第1話 寝取られて、婚約を破棄されたわたし

 わたしはルデナティーヌ。金髪碧眼。ボドルノール王国のブルトール侯爵家令嬢。


 リックステール侯爵家令息のレノーシャルド様と婚約していたのだけれど……。


 冬十二月のある日。


 リックステール侯爵家の屋敷に呼び出されたわたしは、レノーシャルド様により、


「ルデナティーヌとの婚約を破棄する!」


 と宣言されてしまったのだ。


 レノーシャルド様の隣には、仲睦まじく寄り添う女性。


 レノーシャルド様は続けて、


「わたしはボドルテール公爵家令嬢ジゼディと婚約する!」


 と宣言した。


 わたしに対して、あざけるように笑うジゼディさん。


 そう。


 わたしはこのジゼディという女性に、婚約者だったレノーシャルド様を寝取られてしまったのだ……。


 わたしは悲嘆にくれた。




 自分の屋敷に帰ってきたわたしは、涙を流し続けた。


 婚約破棄をされただけでもつらいのに、婚約者を寝取られてしまっていたのだ。


 普通だったら、こういう場合、両親が慰めてくれるものだろう。


 しかし、わたしの実の母親は、わたしが五歳の時にこの世を去っていた。


 継母は、この家に来てからわたしのことを嫌っていて、自分に娘が生まれると、さらにわたしのことを嫌うようになった。


 侯爵家当主である実の父親も、継母に影響されて、わたしのことが嫌いになっていった。


 それだけではなく、異母妹までもが継母に影響され、わたしのことを嫌いになっていて、家族の中では四面楚歌とも言える状況だった。


 そして、継母と異母妹は、わたしのことをイジメる。


 継母の言いなりになってしまった父親は、それを止めるどころか、


「ルデナティーヌが二人にイジメられてしまうのは当然のこと」


 という立場を取るようになってしまった。


 そうした状況の中、わたしが婚約を破棄されてきたので、


「ブルトール侯爵家の恥」


 とされ、この家から追放されることが決まった。


 わたしはこの家の屋敷でずっと暮らしてきた。


 世の中のことをほとんどと言っていいほど知らないので、追放されてしまったら、生きていくことは難しい。


 生命の危機が訪れたと言ってよかった。


 絶体絶命!


 そして何のあてもなく、追放されようとした時……。


 わたしを救けてくれる人たちが現れた。


 わたしの父の遠縁にあたるジナーノリックス男爵家が、わたしを養子にしたいと申し出てきたのだ。


 わたしの実の両親は、わたしを養子にしたいという家を、縁者の家を中心に募っていた。


 さすがに行くところがない人間を、そのまま家から追放するということは、体面上できなかったのだろう。
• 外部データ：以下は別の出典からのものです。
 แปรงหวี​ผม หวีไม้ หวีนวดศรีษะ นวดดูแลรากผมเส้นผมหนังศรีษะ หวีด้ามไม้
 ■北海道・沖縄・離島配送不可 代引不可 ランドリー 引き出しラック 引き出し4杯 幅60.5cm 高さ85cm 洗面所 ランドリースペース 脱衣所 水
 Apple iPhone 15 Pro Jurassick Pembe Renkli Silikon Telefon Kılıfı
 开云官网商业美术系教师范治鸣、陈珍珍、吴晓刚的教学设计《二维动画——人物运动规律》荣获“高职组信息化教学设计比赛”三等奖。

 とはいっても形式的なものでしかなく、やる気があるは言えなかった。


 そういった家が現れなくても、


「自分たちはやるだけのことをした」


 という大義名分が立つので、家から追放するのは容易になると両親は思っていたのだ。


 そして、わたしを養子にしたいという家が現れない確率は極めて高いと思っていた。


 そういう状況だったので、ジナーノリックス男爵家がわたしを養子にしたいと申し出てきたことを知った時は、夢ではないかと思ったほどだ。


 ただ、このジナーノリックス男爵家は、ボドルノール王国の所属ではなく、ここから離れた国であるギュールボファテール王国の所属。


 したがって、わたしはこの王国を去ることになる。


 ボドルノール王国よりも北に位置するギュールボファテール王国は、冬はより寒くて長く、その他の季節は短い。
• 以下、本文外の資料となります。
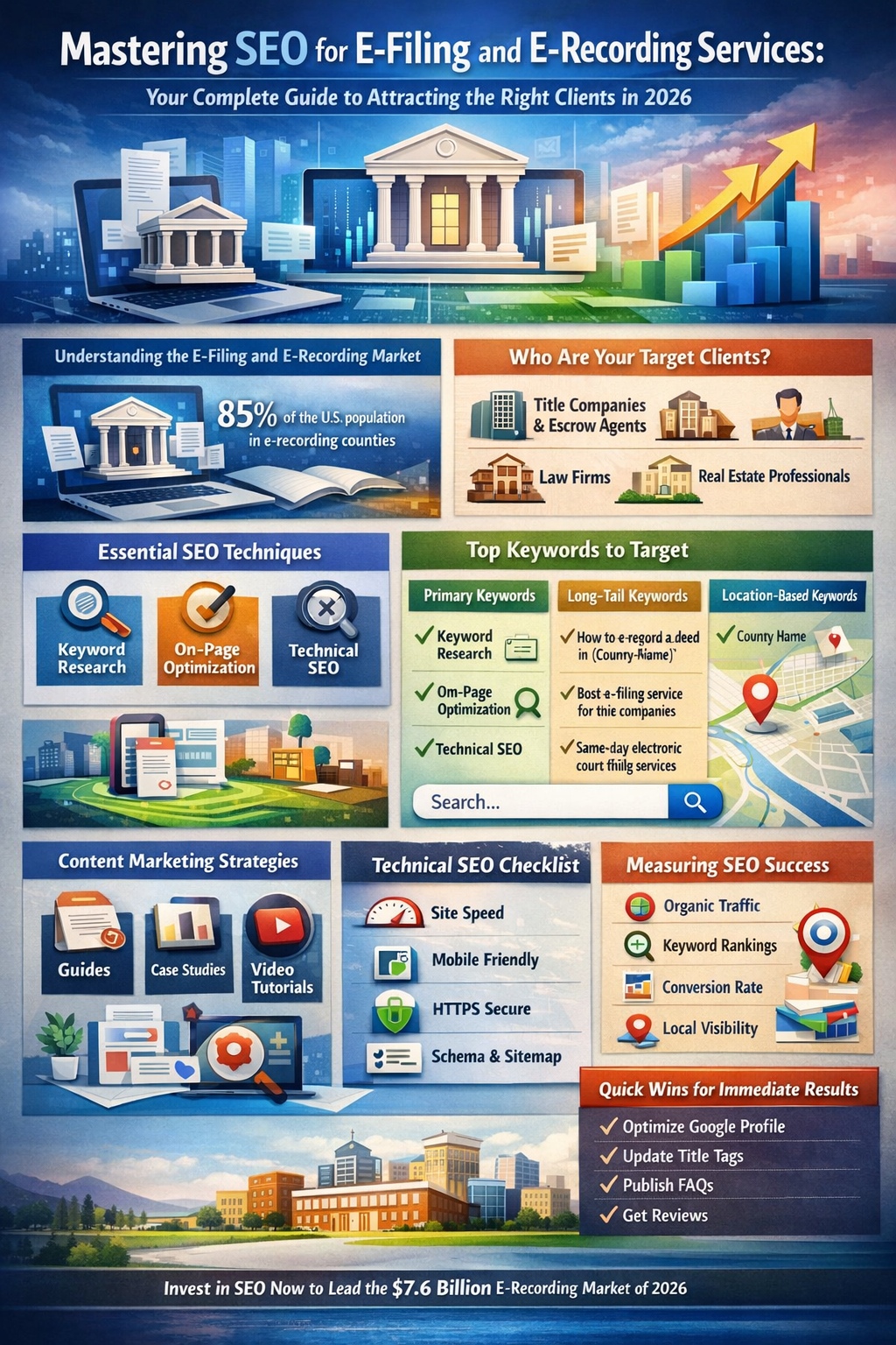 The e-filing and e-recording industry is poised for massive growth, but capturing that market share requires visibility. By implementing a robust SEO strategy that combines technical excellence, local optimization, and valuable content, you can position your business as the trusted authority in the digital recording space.
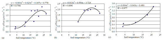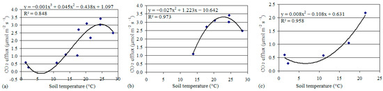 In the forest, the relationship between CO2 efflux and soil temperature can be described by multiple regression models: y = −0.001x3 + 0.023x2 − 0.187x + 0.778; R2 = 0.756, p < 0.05 (at the measurement period, Figure 5a), y = −0.013x2 + 0.554x − 3.724; R2 = 0.896, p < 0.01 (at the growing season, Figure 5b), and y = 0.004x2 − 0.043x + 0.480; R2 = 0.977, p < 0.01 (at the non-growing season, Figure 5c).
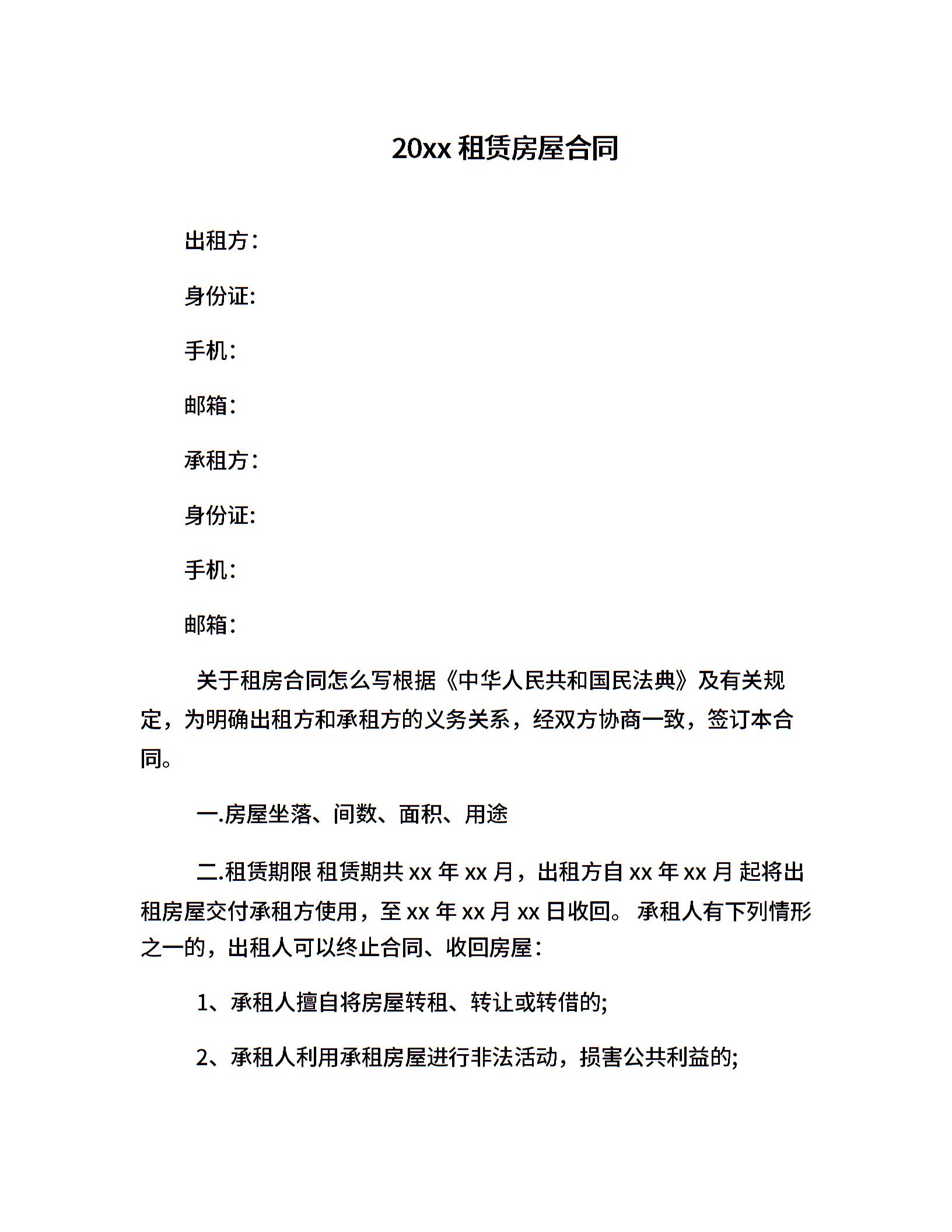 20xx租赁房屋合同
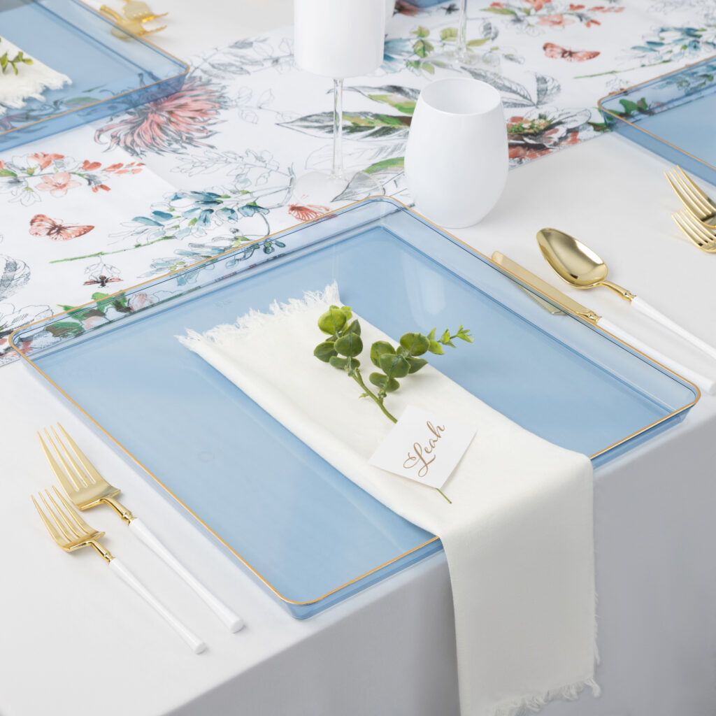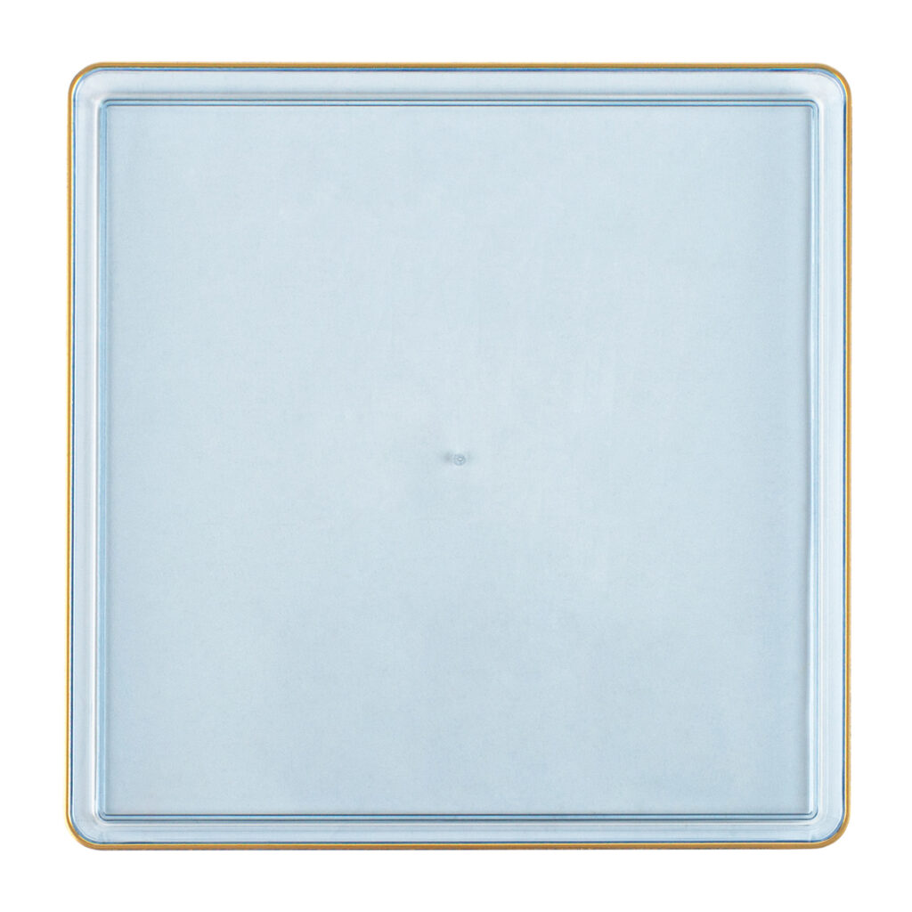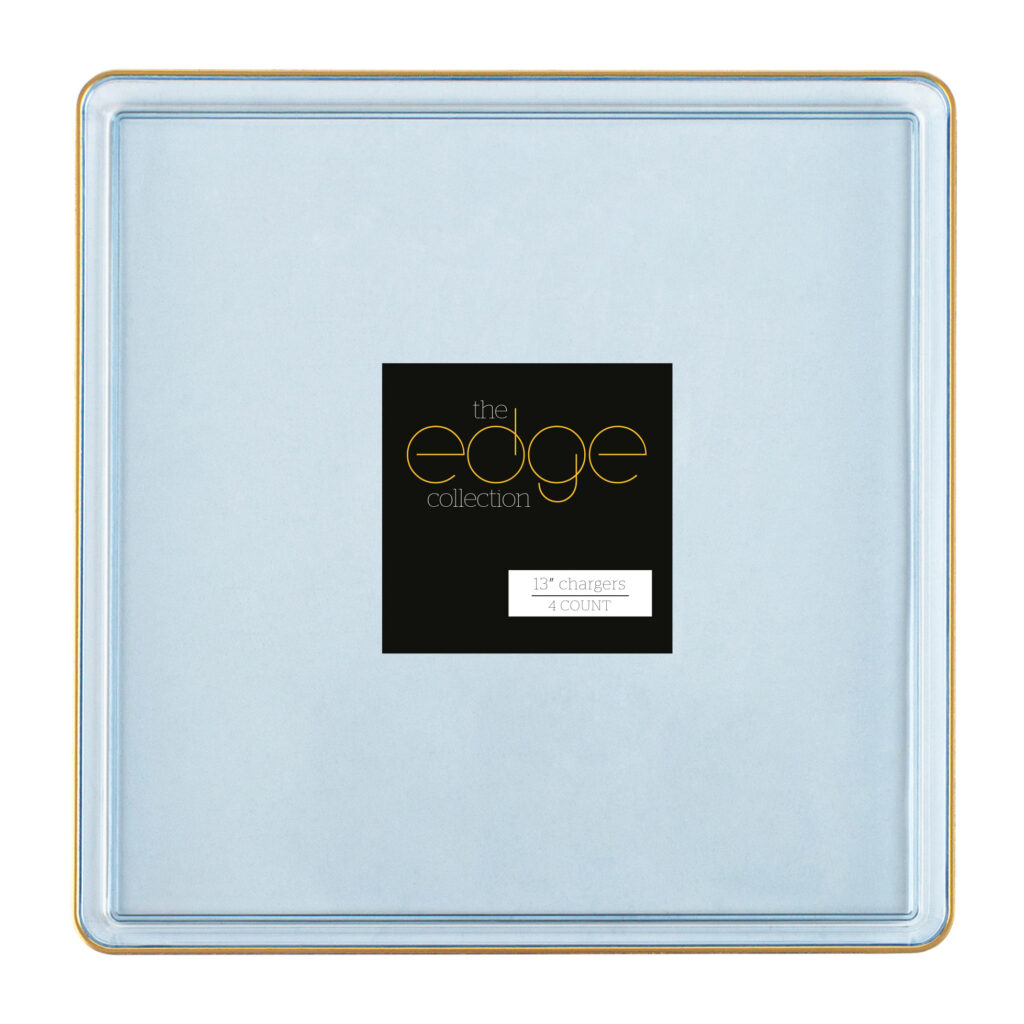 Square Edge 13″ Chargers Blue Transparent/Gold Rim (4 Count)

 寒さが苦手な方のわたしにはつらい環境であることが想定された。


 また、男爵家の為、今までの侯爵家よりも爵位は低くなる。


 このことも、プライドが高いわたしにとってはつらいことだった。


 しかし、わたしには選択肢はない。




 まもなく新年を迎えようとするある日、ジナーノリックス男爵家からわたしを迎える使者が来た。


 その使者に連れられて、わたしはジナーノリックス男爵家に向かうことになった。


 わたしは特にブルトール侯爵家では嫌われたという印象はなかった、


 しかし、わたしの両親に遠慮したのか、家の屋敷を出る時には、誰もわたしを見送る人たちはいなかった。


 それなりにいい関係を築いていたと思っていた侍女も、見送りはしてくれなかった。


 それが特に残念でならない。


「ああ、どうしてわたしはこんなつらい思いはしなければならないのだろう……」


 わたしは、さすがに悲しくなり、馬車の中で涙をこぼす。


 冷たい雨の降る中、わたしの乗った馬車は、一路ジナーノリックス男爵家の屋敷へと向かうのだった。